Mark has had a difficult day at work.
Either they are having a run of technological misfortune or the rascally Russians have hacked into their network and switched some important bits off. I do not exactly know what has gone wrong, but it all sounds fairly terrible. I think perhaps it might even have been President Putin who knocked the aerial over the other week, although we were not at war with him then, so it might have been a pre-emptive strike.
Mark has come home looking weary, and late, and says that it is all hard work. We thought that we might have an early night to get over it, because things are always a bit at sixes and sevens after the weekend, but we thought we would watch a film to help with the recovery process, and then became so engrossed that we forgot, and now it is ten o’clock and we have not even finished emptying the dogs.
Mark has buzzed off to empty the dogs whilst I write to you. I have not just been idling around in front of the computer. I have put everything in the dishwasher and tidied the kitchen as well, so do not worry about unequal divisions of labour. In any case I would happily have gone for a stroll around the Library Gardens if he had felt like writing in these pages in my stead, what a pleasing shirk that would have been.
I have had a day of post-weekend flapping about, which is mostly things like laundry and cooking. Really I should have gone to Asda and bought some shopping, but I didn’t, although I will have to go soon before prices go up any more. Very soon we are going to have to do all shopping early in the morning because by dinner time it will be too expensive.

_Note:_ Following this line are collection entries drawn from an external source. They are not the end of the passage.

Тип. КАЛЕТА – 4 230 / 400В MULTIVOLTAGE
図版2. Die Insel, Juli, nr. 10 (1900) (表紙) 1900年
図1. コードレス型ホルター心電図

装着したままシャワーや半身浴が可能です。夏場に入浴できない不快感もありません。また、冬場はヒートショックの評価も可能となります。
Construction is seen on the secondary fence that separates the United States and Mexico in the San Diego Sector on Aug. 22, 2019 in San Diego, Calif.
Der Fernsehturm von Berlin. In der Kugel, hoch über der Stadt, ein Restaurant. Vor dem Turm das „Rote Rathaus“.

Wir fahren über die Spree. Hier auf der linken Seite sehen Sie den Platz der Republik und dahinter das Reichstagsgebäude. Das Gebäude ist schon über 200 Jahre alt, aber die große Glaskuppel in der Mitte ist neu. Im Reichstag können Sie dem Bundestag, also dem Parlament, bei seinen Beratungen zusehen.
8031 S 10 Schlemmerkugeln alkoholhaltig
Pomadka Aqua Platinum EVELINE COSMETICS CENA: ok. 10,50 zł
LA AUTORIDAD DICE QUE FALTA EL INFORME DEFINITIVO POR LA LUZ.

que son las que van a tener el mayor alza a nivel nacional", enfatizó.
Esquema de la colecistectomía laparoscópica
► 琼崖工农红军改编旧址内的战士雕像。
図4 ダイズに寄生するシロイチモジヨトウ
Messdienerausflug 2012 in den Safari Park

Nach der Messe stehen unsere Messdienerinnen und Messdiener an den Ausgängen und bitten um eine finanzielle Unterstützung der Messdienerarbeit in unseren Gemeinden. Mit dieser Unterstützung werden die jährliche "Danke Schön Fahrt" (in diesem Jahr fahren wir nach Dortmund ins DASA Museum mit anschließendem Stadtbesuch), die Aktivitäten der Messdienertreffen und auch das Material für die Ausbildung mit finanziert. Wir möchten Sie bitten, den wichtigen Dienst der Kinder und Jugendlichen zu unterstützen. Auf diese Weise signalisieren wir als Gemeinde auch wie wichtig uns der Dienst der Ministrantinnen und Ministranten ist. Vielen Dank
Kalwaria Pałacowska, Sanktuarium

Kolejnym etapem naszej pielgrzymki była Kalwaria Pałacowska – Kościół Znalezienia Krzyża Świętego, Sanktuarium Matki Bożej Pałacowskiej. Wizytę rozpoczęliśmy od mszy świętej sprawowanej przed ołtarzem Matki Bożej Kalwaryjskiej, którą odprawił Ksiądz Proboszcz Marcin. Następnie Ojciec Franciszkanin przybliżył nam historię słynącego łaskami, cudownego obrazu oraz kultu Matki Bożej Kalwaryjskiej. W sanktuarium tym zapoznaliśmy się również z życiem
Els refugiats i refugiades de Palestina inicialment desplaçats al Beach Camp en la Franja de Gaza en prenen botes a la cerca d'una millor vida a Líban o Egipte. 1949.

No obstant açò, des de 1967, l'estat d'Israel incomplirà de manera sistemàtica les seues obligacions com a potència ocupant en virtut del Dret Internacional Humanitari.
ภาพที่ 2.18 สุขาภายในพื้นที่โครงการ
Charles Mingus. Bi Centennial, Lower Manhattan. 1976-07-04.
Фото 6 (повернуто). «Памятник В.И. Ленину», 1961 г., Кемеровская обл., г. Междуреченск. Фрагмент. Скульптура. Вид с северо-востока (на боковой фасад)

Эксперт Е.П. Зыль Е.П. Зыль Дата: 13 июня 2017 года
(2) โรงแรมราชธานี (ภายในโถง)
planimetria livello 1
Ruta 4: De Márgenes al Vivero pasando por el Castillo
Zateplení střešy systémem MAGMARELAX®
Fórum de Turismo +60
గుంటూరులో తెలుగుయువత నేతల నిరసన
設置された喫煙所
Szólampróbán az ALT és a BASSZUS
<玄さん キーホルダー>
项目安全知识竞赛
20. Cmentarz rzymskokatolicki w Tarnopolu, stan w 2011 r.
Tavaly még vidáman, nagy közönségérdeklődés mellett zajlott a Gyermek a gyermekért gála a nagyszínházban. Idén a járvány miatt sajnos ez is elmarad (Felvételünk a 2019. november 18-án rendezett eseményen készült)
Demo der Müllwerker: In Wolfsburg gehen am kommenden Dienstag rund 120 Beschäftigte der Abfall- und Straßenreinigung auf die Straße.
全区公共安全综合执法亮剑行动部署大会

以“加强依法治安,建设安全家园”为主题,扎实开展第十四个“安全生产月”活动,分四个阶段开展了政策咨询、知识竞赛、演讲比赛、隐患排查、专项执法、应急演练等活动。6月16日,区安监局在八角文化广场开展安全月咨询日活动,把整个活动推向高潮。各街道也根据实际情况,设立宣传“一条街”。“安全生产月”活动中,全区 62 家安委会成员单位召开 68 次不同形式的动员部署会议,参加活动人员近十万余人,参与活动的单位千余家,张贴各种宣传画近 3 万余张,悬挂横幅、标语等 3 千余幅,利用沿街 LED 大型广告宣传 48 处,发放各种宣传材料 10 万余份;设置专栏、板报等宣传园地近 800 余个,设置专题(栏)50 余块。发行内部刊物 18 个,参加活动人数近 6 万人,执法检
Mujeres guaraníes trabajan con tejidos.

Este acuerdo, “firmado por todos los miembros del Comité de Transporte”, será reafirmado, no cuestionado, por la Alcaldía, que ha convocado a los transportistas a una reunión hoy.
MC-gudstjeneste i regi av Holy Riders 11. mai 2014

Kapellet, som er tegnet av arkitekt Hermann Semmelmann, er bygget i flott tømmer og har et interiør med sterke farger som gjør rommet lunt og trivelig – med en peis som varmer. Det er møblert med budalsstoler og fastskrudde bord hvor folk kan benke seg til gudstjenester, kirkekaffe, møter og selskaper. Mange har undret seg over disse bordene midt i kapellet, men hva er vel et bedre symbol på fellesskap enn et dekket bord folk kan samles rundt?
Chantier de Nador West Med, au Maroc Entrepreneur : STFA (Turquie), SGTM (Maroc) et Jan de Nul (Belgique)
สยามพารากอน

It was an interesting film. It is on Netflix and is in several parts. We did not watch them all, although I would have liked to, maybe another night, perhaps. It has a person in it with whom I was at college, and I am sorry to say that she has aged rather better than I have, without nearly as many wrinkles, perhaps she has fewer worries. I do not look too bad when I just look in the mirror, but when I get on Zoom on the computer every little crease turns into a huge crumpled chasm, and I look about a hundred years old. I do not mind about this but very soon I am going to turn into the sort of person who everybody ignores because they don’t understand the modern world any more.
I do not understand it now, really.
I have finished writing the Adventures of Alan Dean and his Wonderful Lamp. I do not like Alan Dean, and I thought I had done a good job of hiding it, but Mark said I hadn’t. I do not think that I am allowed to show them to you on here. I think you are not supposed to show your assignment to anybody until you have handed it in. I shall check and if it is all right then I will put them here for your entertainment.
I am not entertained about it. I finished it, and then just had a quick look at Symon the Black again, to see if he might be sculpted down, but he certainly couldn’t, any more than he could yesterday or the day before.
I do not know what I am going to do with him. Leave him in the dark secret recesses of my computer, probably, for the children to delete after I am dead, like a sort of cyber Age Concern. I could finish writing him and then put him on here, perhaps, probably in half a dozen thrilling instalments, like a sort of literary Netflix.
I can hear Mark returning with the dogs.
I am going to go and start getting ready for bed.